Do you remember what type camera the original slides were taken with? That has a lot to do with it,too.


----------



## SarahZ (Nov 3, 2013)

I love seeing the different clothes, cars, and suitcases. I remember my parents lugging those hard-shell suitcases around on our vacations - no wheels, no long handles - just sheer muscle power.  I think they still have some of them. They use them for storage.


----------



## Blackwolf (Nov 3, 2013)

Unfortunately my time came after Amtrak had abandoned the use of most Heritage cars, though I can say I caught the tail end of the HiLevels in use on regular revenue runs. Amtrak really is a different animal these days, homogenized and without the unknown character each of those hand-me-down cars brought.

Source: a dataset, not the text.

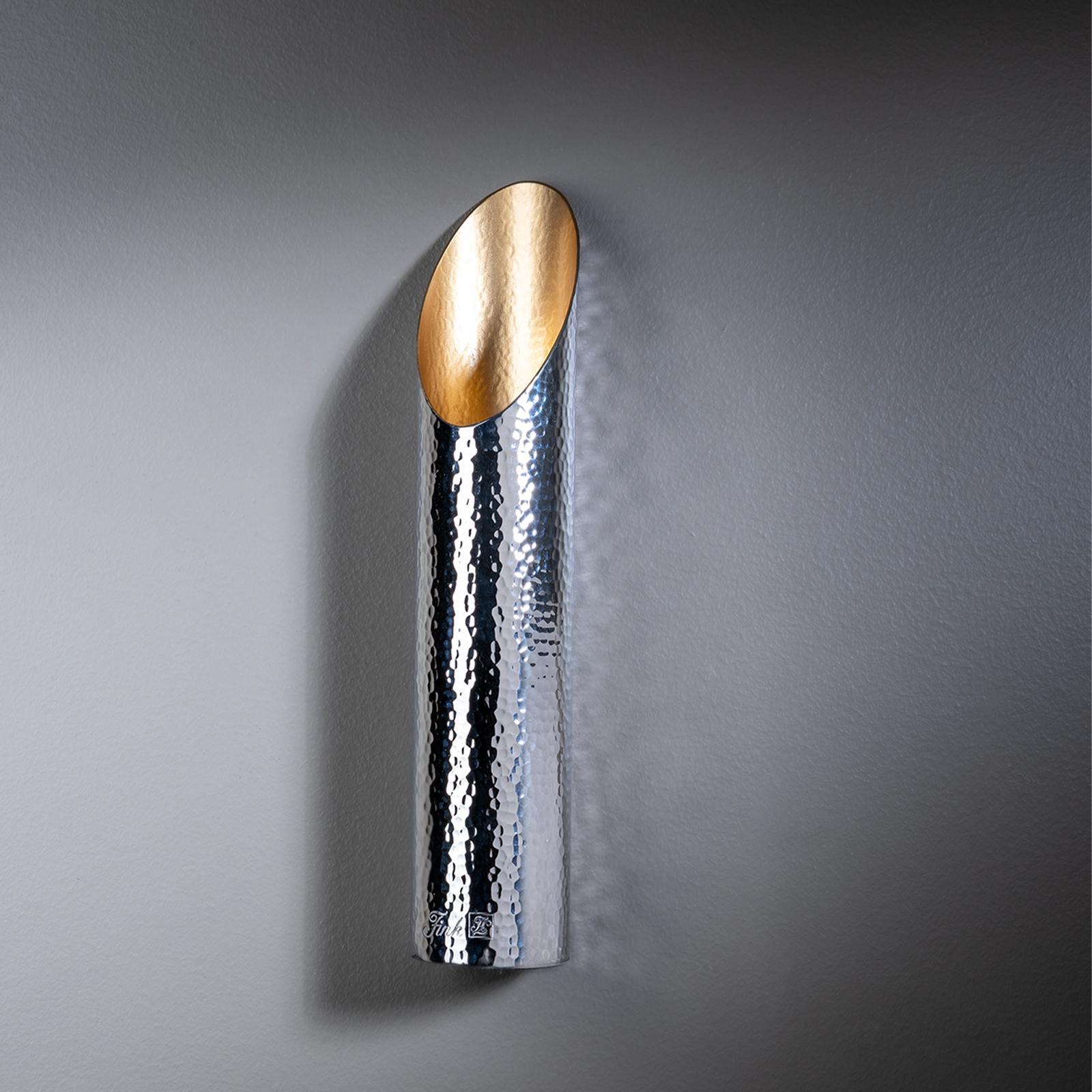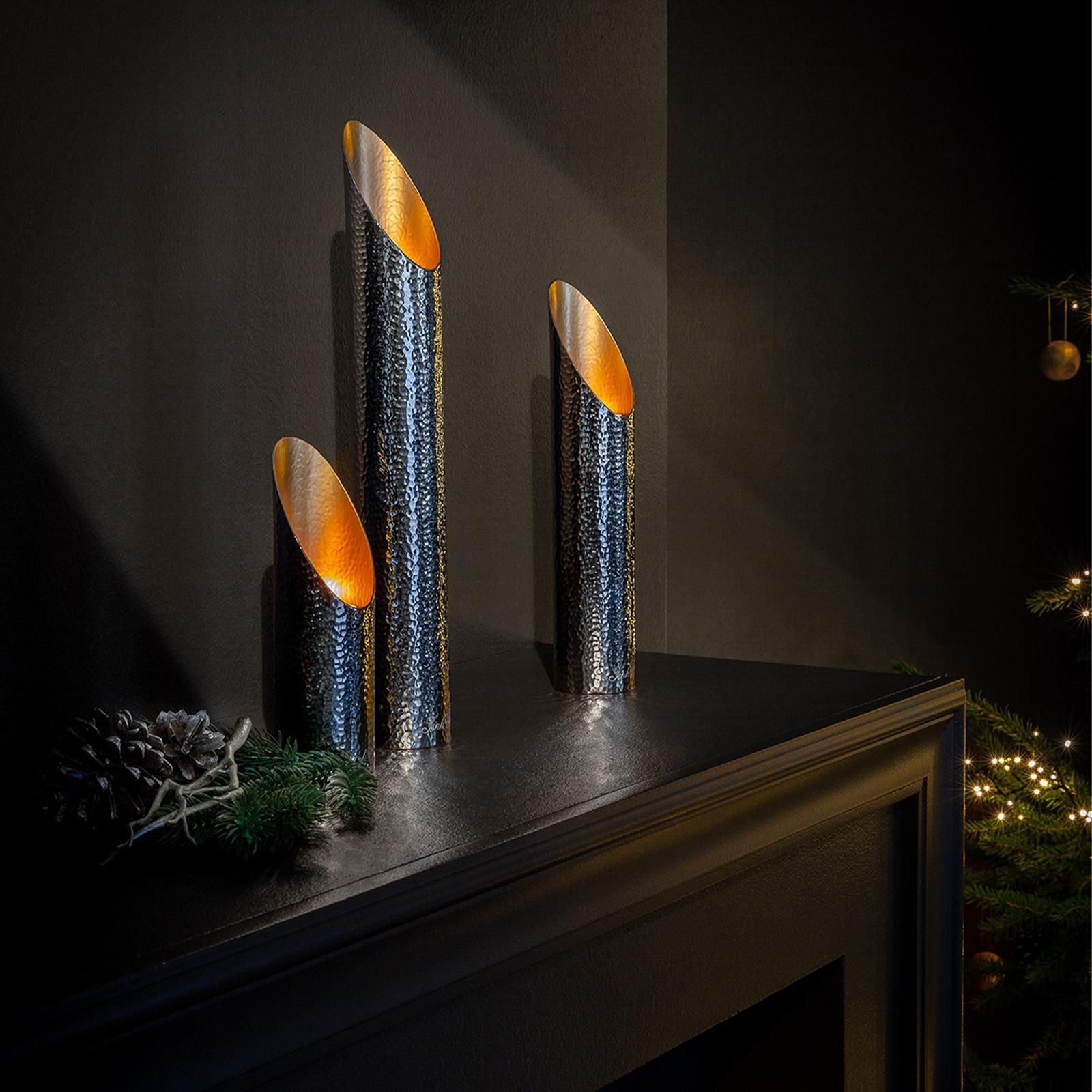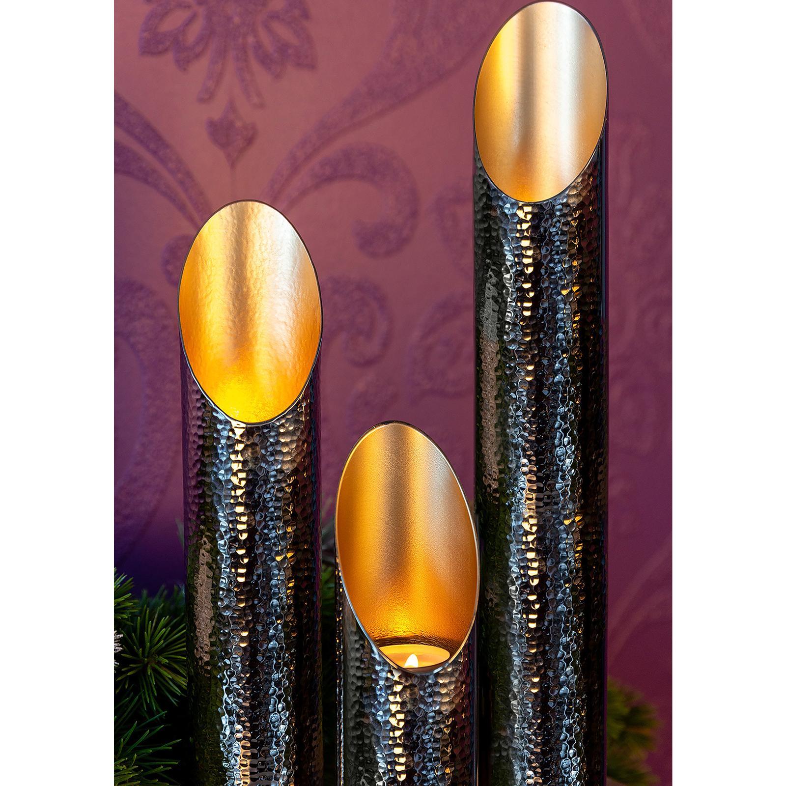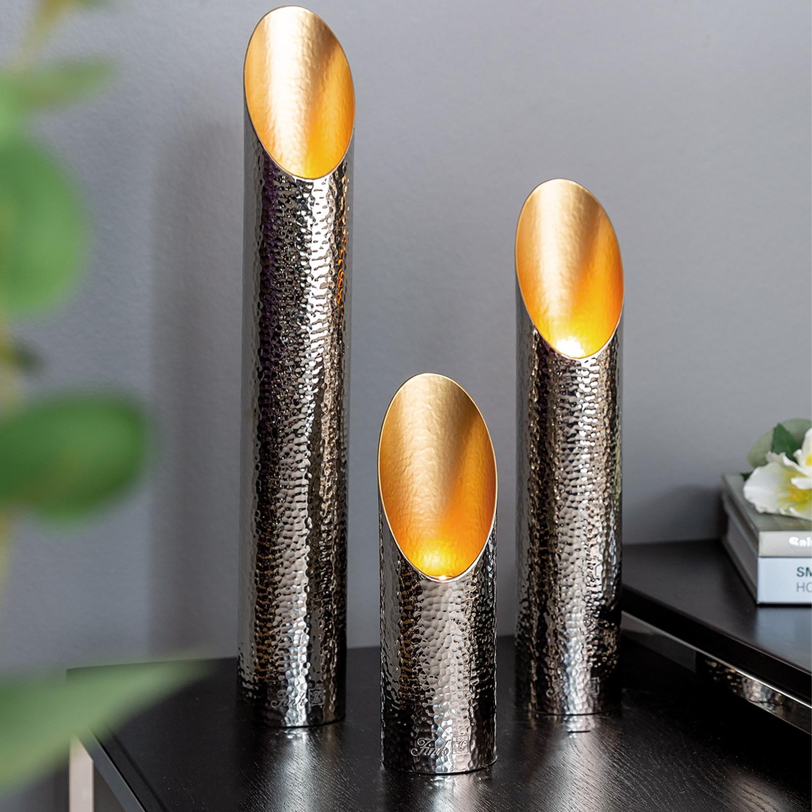 ✓ Schmaler gehämmerter Teelichthalter aus Aluminium mit polierter Außenseite für glänzende Akzente ✓ Goldfarbene Innenbeschichtung, reflektiert das Kerzenlicht warm & schafft eine luxuriöse Atmosphäre ✓ Zylindrische Form mit schräg zulaufender Öffnung - ein Deko-Kerzenhalter mit skulpturalem Charakter ✓ Vielseitig platzierbarer 30 cm hoher Kerzenständer - ideal für Kommoden, Beistelltische & Sideboards ✓ Eleganter Kerzenhalter in Silber-Gold-Optik - verbindet zeitloses Design mit einem Hauch von Glamour

In many ways this is a good thing, but one still wishes you could ride those first few years of Amtrak still today.

Thanks for sharing!


----------



## caravanman (Nov 3, 2013)

Super report, loved the 70's clothing and styles. Brilliant sharp photos, those outside views looking along the train as it curves are top notch!

I note the steam rising around the locos, I guess this was for heating, we had steam boilers on our diesel electrics to heat the older rolling stock when I worked at British Rail in the 1970's... Once again a reminder of how large a country Amtrak serves: steam heating in Chicago, passengers in light summer outfits in California.

Ed


----------



## trainman74 (Nov 4, 2013)

NS VIA Fan said:


>


I see some evidence here of the degradation of Tampa Union Station -- looks like nothing but weeds in that "TUS" planter. (By 1984, they'd closed the station building entirely and were operating out of an Amshack. But it's much better now.)


----------



## SarahZ (Nov 4, 2013)

I wish they still ran the Floridian, even if it were just 3-4 days per week. That'd be a great route for spring break, honeymoons, and family vacations.


----------



## Shortline (Nov 5, 2013)

Really neat to see the E unit on the 4th picture posted (418). I've been fortunate enough to run a sister unit, ex AMTK 414 a few months ago. Was hoping it was the same one you posted, but I just checked, the one I've run, WSOR 101 was the AMTK 414 I've been told. I'm not much of a railfan, but I really do like the history of the industry, thanks for the pictures! If interested, here is ex AMTK 414, which looked just like the 418 you posted, in it's current life-


----------



## ALC Rail Writer (Nov 11, 2013)

Wow amazing to see how much (and how little) things have changed over the years!


----------